Le dernier communiqué [1] des Yes Men me laisse pantois. Alors que le film qui leur est consacré est sorti en salles ce 1er avril, et qu’il bénéficie d’une presse [2] plutôt élogieuse, la justice française se met à son tour à leur chercher des poux.

Petit retour en arrière : ce collectif d’hacktivistes [3] adeptes de la « rectification d’identité » aime à se faire passer « pour certains des plus puissants criminels de la planète afin de montrer leur vrai visage » (en l’occurence, l’OMC, Georges W. Bush, Dow Chemicals, etc.).

En décembre 2002, Christian Jacob, alors « ministre délégué à la Famille, auprès du ministre de la Santé, de la Famille et des Personnes handicapées« , et opposé au Pacs et à l’adoption d’enfants par les homosexuels, aurait pour sa part déclaré, selon Libé [4] : « On ne va pas se laisser emmener sur trois trucs d’intellos gauchos.
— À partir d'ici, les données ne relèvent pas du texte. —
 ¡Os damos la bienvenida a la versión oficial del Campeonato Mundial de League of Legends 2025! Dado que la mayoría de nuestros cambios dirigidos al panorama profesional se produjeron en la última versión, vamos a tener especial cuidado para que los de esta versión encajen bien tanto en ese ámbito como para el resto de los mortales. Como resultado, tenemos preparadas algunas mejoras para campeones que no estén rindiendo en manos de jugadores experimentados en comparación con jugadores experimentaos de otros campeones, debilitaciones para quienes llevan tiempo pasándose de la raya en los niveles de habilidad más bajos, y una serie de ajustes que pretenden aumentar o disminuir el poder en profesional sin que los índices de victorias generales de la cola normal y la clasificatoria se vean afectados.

La nouvelle famille, c’est pas d’être né d’une partouze, comme j’ai entendu à la télé« .

Les Yes Men faisait alors parvenir à Têtu, « magazine [5] des gays et des lesbiennes« , un faux communiqué de presse [6] avançant que Christian Jacob n’avait rien contre les homosexuels, qu’il en fréquentait beaucoup et qu’il se sentait proche de cette « population bigarrée« . Le canular, innocemment republié sur le site de Têtu, était démenti 4 heures plus tard par le cabinet du ministre, et rectifié derechef par Têtu.

Ce qui n’a pas empêché huit ordinateurs de Têtu d’être saisis, et deux de ses employés d’être mis en examen, en janvier 2004, pour « injures publiques envers un membre du gouvernement« , le juge estimant que Têtu aurait employé des « expressions suggérant que le ministre délégué à la Famille ne jouit pas de l’intelligence que l’on pourrait attendre du titulaire d’une telle fonction« .
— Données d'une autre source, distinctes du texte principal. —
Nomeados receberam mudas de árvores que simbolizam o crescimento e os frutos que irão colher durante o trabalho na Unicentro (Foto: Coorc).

Dans un communiqué [7] de protestation, Reporters Sans Frontières rappelait opportunément qu' »au moment où la France vient de supprimer le délit d’offense à chef d’Etat étranger, l’une des dispositions les plus archaïques de la loi sur la presse, l’accusation d’injure publique envers un membre du gouvernement apparaît totalement absurde et anachronique« ,

La semaine dernière, deux ans et demi après le canular, la Découverte, éditeur du livre [8] des Yes Men (sorti récemment, en même temps que leur film [9]) a reçu une lettre [10] de la police, leur demandant de révéler les coordonnées bancaires ainsi que l’identité des Yes Men, accusés eux aussi d' »injures publiques envers un membre du gouvernement« .

Petite précision qui n’a rien à voir, ou presque : Chritian Jacob, dans une vie antérieure, était agriculteur-éleveur de profession, spécialisé dans le Brie de Meaux [11] : d’un point de vue oulipien [12], je trouve délicieusement déplacé le fait, de la part d’un « ministre [13] des Petites et Moyennes Entreprises, au Commerce, à l’Artisanat, aux Professions libérales et à la Consommation, auprès du ministre de l’Economie, des Finances et de l’Industrie« , de faire ainsi dans le bris de mot [14], sous couvert d’attenter à la liberté d’expression.